### GOAL OF THE EXERCISE
Pictures do not belong in the copy, so please give every entry below again exactly.

### GIVEN RECORDS
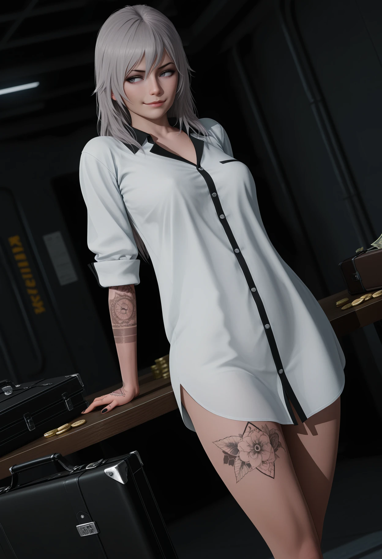 hair down, ????? shirt, collared shirt, long shirt, white shirt, black trim, sleeves rolled up, arm tattoo, hand tattoo, leg tattoo,
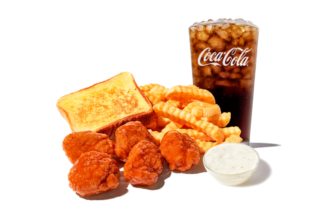 5 Boneless Wings made from all-white breast meat tossed in your choice of sauce. Served with Ranch, Texas Toast, Crinkle Fries, and Small Drink.
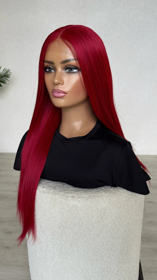 Lace Front Deep Red With Gold Highlights Synthetic Wig – Ruby
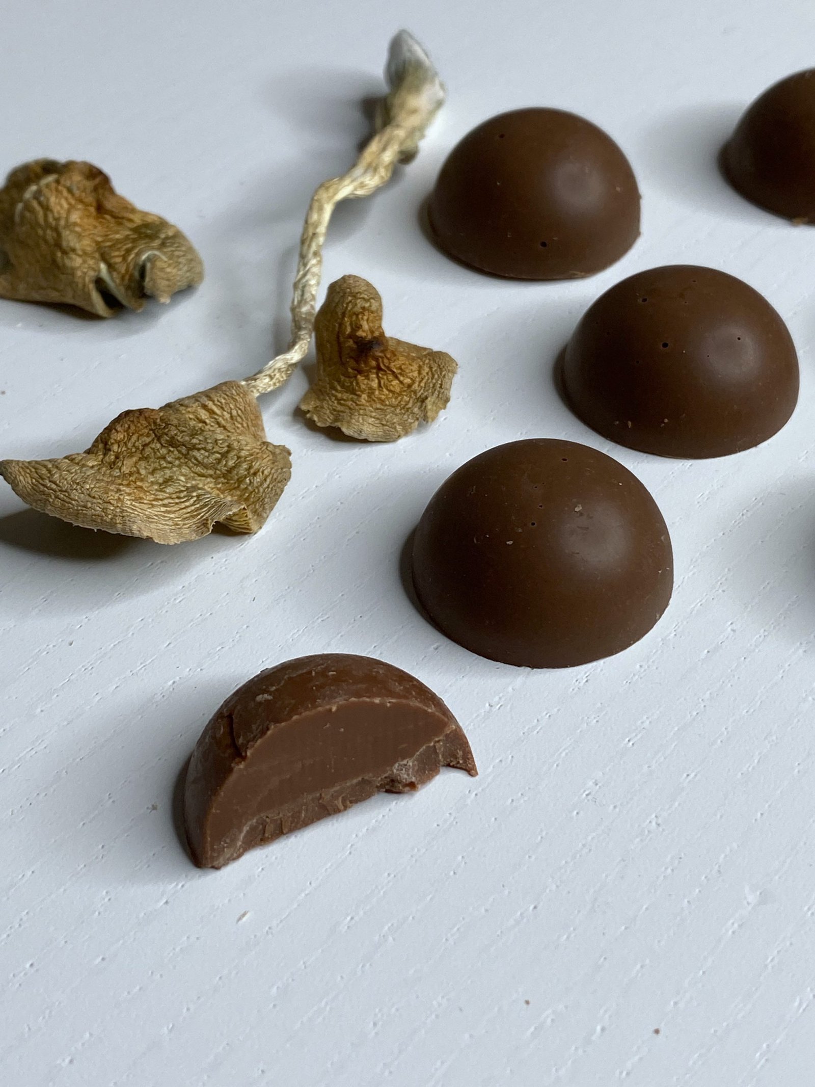 - Easily customize your dosage – each chocolate piece consists of 500mg (0.5 g) of ground magic mushrooms
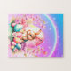 Beau lapin avec arc-en-ciel et oeufs et fleurs colorés
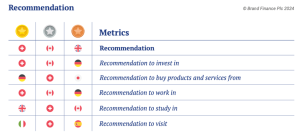 - L’anno peggiore per la Germania: per la prima volta, è scivolata così precipitosamente da riuscire a malapena a raggiungere la top 5. Scommetterei la sua posizione vacillante su questioni spinose e la guerra, insieme a una percepita mancanza di forza di volontà risoluta, sta avendo il suo pedaggio. Per inciso, ricordando la recente retorica bellicosa della leadership francese, prevedo che la nazione salirà di livello l’anno prossimo se manterrà questo atteggiamento combattivo.
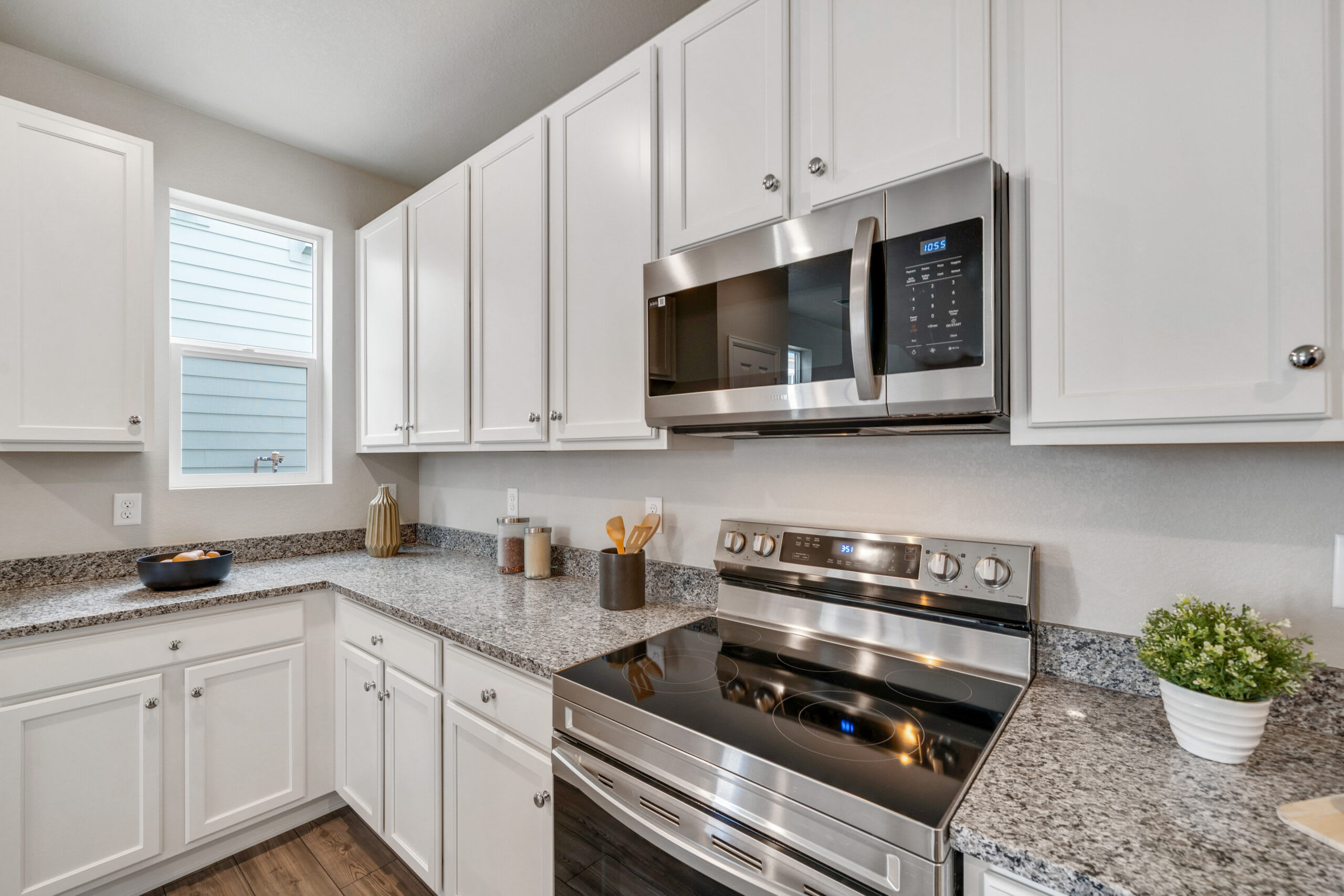 When you walk to the front door of the home, you’ll pass the porch, which is perfect for your morning coffee, cozying up with a good book, or just soaking up the sunshine in the summer months. As you walk through the front door, you’ll find the stairs to the upper level in front of you and the open-concept main level to your left. The great room, dining area, and kitchen flow effortlessly which is ideal for entertaining guests. The kitchen features a large center island, a pantry, and quartz or granite countertops. At the back of the home, you’ll find the door to the garage, a powder room, and a closet under the staircase for additional storage.

### RESPONSE TO THE EXERCISE
 hair down, ????? shirt, collared shirt, long shirt, white shirt, black trim, sleeves rolled up, arm tattoo, hand tattoo, leg tattoo,
 5 Boneless Wings made from all-white breast meat tossed in your choice of sauce. Served with Ranch, Texas Toast, Crinkle Fries, and Small Drink.
 Lace Front Deep Red With Gold Highlights Synthetic Wig – Ruby
 - Easily customize your dosage – each chocolate piece consists of 500mg (0.5 g) of ground magic mushrooms
 Beau lapin avec arc-en-ciel et oeufs et fleurs colorés
 - L’anno peggiore per la Germania: per la prima volta, è scivolata così precipitosamente da riuscire a malapena a raggiungere la top 5. Scommetterei la sua posizione vacillante su questioni spinose e la guerra, insieme a una percepita mancanza di forza di volontà risoluta, sta avendo il suo pedaggio. Per inciso, ricordando la recente retorica bellicosa della leadership francese, prevedo che la nazione salirà di livello l’anno prossimo se manterrà questo atteggiamento combattivo.
 When you walk to the front door of the home, you’ll pass the porch, which is perfect for your morning coffee, cozying up with a good book, or just soaking up the sunshine in the summer months. As you walk through the front door, you’ll find the stairs to the upper level in front of you and the open-concept main level to your left. The great room, dining area, and kitchen flow effortlessly which is ideal for entertaining guests. The kitchen features a large center island, a pantry, and quartz or granite countertops. At the back of the home, you’ll find the door to the garage, a powder room, and a closet under the staircase for additional storage.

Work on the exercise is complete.